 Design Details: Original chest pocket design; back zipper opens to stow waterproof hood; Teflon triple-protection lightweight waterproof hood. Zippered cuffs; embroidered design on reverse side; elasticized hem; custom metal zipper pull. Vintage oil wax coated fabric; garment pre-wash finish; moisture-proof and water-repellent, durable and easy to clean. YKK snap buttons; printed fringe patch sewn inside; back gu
============================================================
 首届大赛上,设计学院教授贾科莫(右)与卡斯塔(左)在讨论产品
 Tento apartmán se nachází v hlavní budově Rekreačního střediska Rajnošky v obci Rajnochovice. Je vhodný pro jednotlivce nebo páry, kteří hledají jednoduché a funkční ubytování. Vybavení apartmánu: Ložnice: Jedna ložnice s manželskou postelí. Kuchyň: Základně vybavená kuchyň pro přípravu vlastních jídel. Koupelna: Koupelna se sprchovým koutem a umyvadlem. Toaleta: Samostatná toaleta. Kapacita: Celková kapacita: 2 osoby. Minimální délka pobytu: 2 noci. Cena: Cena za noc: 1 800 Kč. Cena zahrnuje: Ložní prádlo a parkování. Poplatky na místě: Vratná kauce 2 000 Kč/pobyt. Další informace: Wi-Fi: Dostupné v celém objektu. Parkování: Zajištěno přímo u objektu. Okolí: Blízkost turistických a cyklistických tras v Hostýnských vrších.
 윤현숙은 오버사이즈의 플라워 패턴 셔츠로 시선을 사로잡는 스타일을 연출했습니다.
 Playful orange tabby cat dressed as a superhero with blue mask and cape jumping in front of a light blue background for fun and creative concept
============================================================
Output the lines above exactly, but only those between the line holding "윤현숙은 오버사이즈의 플라워 패턴 셔츠로 시선을 사로잡는 스타일을 연출했습니다." and the line holding "Playful orange tabby", inclusive.

 윤현숙은 오버사이즈의 플라워 패턴 셔츠로 시선을 사로잡는 스타일을 연출했습니다.
 Playful orange tabby cat dressed as a superhero with blue mask and cape jumping in front of a light blue background for fun and creative concept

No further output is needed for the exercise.